Leroy worked at the campground for two summers—the first with me, the second with another supervisor. But one day he spotted a young woman wearing only a halter top and shorts. Twice he walked up and greeted her, but the third time he became bolder, saying, “Cute, cyooooote!” then patting her rear end. After that he was taken off the campground crew.

For several months he worked in the grouting area. Usually he’d remove his gloves and mask twenty minutes before lunch or break, then snarl and gesticulate when he had to put them back on. Like most clients in the Glass Department, Leroy went to second lunch; but every day he clamored to go with the early group, and every day he got mad when informed he’d have to wait. That half hour was the longest of the day for him. He was antsy as could be, until he sensed the magic moment had almost arrived, and he could restrain himself no more. Sitting on the edge of his chair, with one hand braced against the table and the other poised on his knee, he looked like a runner in the starting blocks.

The instant he was dismissed he’d shoot up the ramp, slithering and elbowing past the other clients. If he beat everyone, including the teachers, to the lunch cabinet, he’d try to swipe an extra treat from another client’s lunch sack. If that didn’t work, he might badger someone at his lunch table into giving him some food. Whenever he got caught, Leroy would shake his finger at that client and scold him—“No! Bad!”—for not keeping his food.

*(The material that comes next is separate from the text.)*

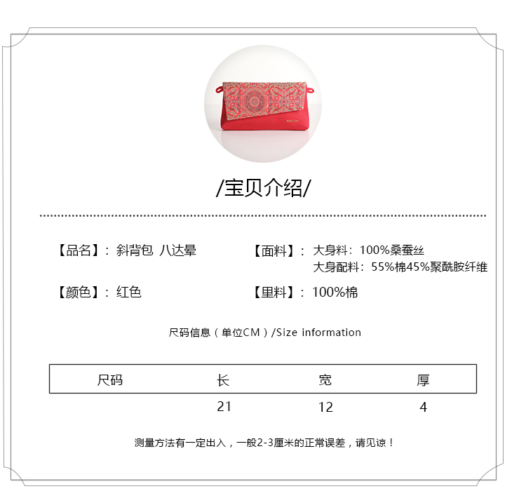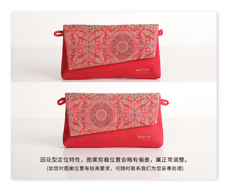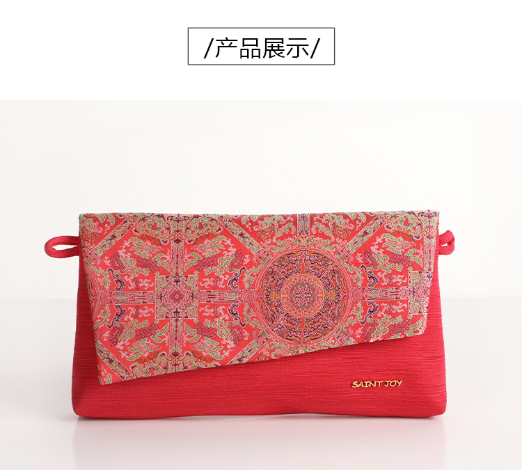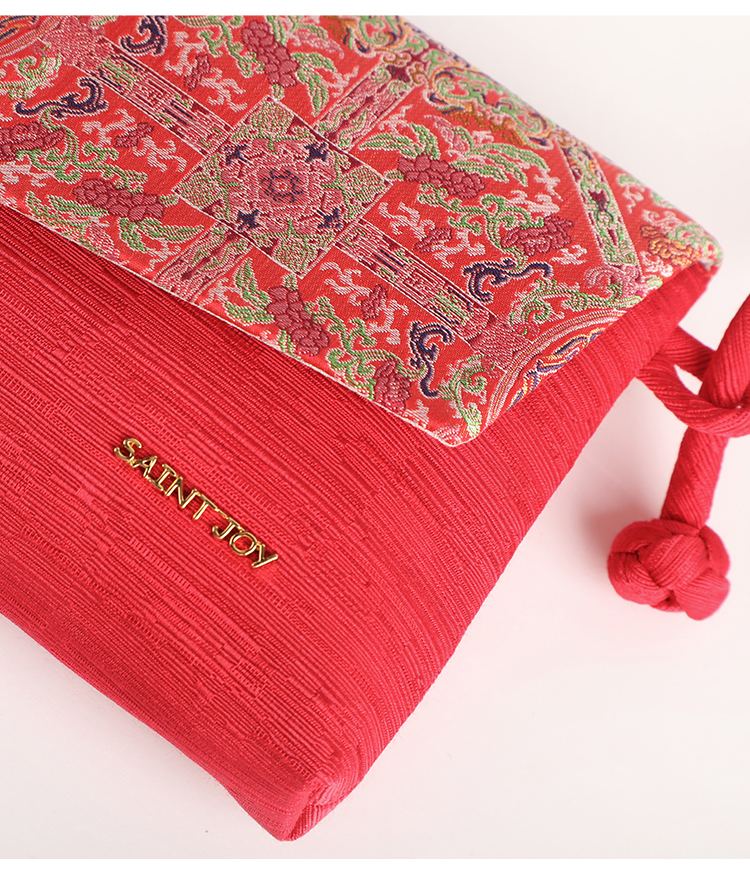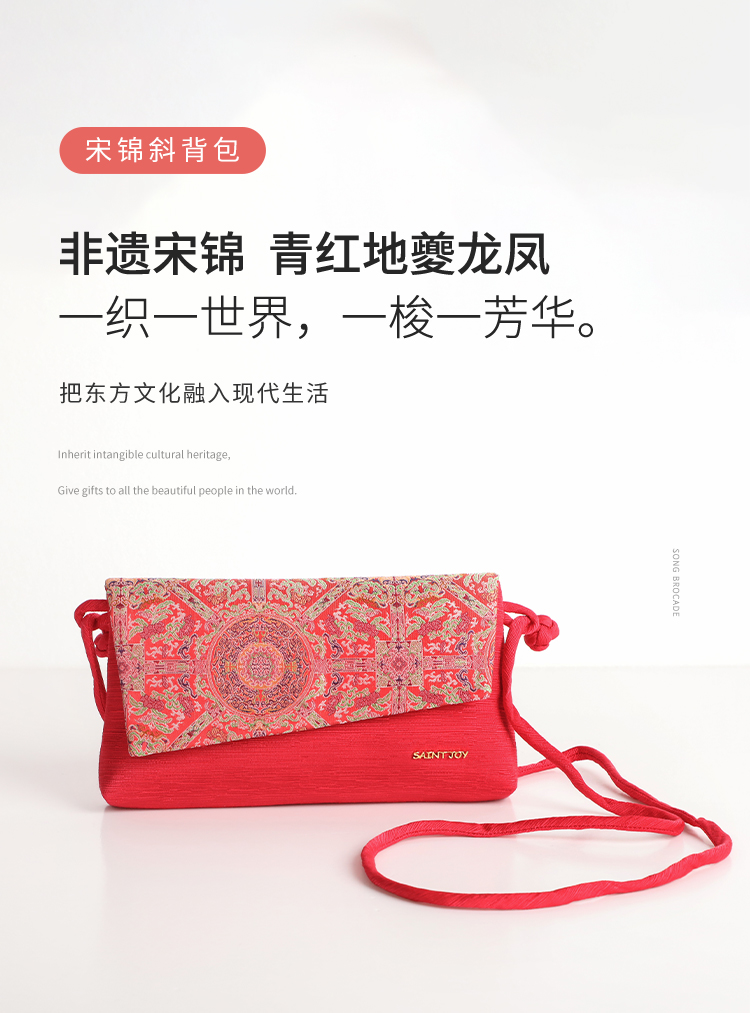 SAINTJOY/上久楷宋锦斜背包 青红地夔龙凤纹锦 红色 XB3B095208003

After bolting down his lunch, Leroy would grab a couple of magazines from the lunchroom shelves. If he ran across a picture he liked, he’d hold it up so everyone could see. One day he waved me over to show me a two-page spread of a girl in a bikini—the sexiest shot you’d be likely to find in our collection of magazines. “Guh-guh-guh-guh—girl!” he said. Whether he was looking at magazines or eyeing the scene at the campground, Leroy focused on three things—dogs, children, and scantily clad women—and always his comment was the same: “Cute, cyooooote!”

That was one of his favorite words, but the word he used most was me. He’d jab his chest with his index finger when he said it. One day quiet, unassuming Henry proudly showed me his new watch. Leroy, pointing vehemently at himself, protested: “Noooooo! Muh-muh-muh-muh—meeeeee!” He thought he was forever being deprived of what was rightfully his. In the grouting area, when George, at 6’4”, was given a tall pair of coveralls, Leroy shook his fist furiously, feeling he should get them instead. When it was Barry’s day to go to the campground, Leroy exploded with resentment: “Noooooo! Muh-muh-muh-muh—meeeeee!” He begrudged others their pleasures, wanting them all reserved in his name.

One day when we had a mailing contract, a supervisor was helping Dave with his envelopes. Leroy snapped his fingers at her. “Muh-muh-muh-muh—meeee! Muh-muh-muh-muh—meeeeee!” When she told him he’d have to wait his turn, he yelled, jumped up from his seat, and punched her. Leroy wouldn’t settle for some measly share, and he wasn’t about to wait in some line. He regarded the world with arrogant and envious eyes: he felt he always deserved more and received less.

*For this book, I selected names, like Leroy, that would allow me to replicate the way clients said their own names or the names of others. In order to reproduce the sound of the names as they were actually spoken, I chose names that were amenable to the kinds of elongations, truncations, pronunciations, and nicknames that the clients’ real names generated.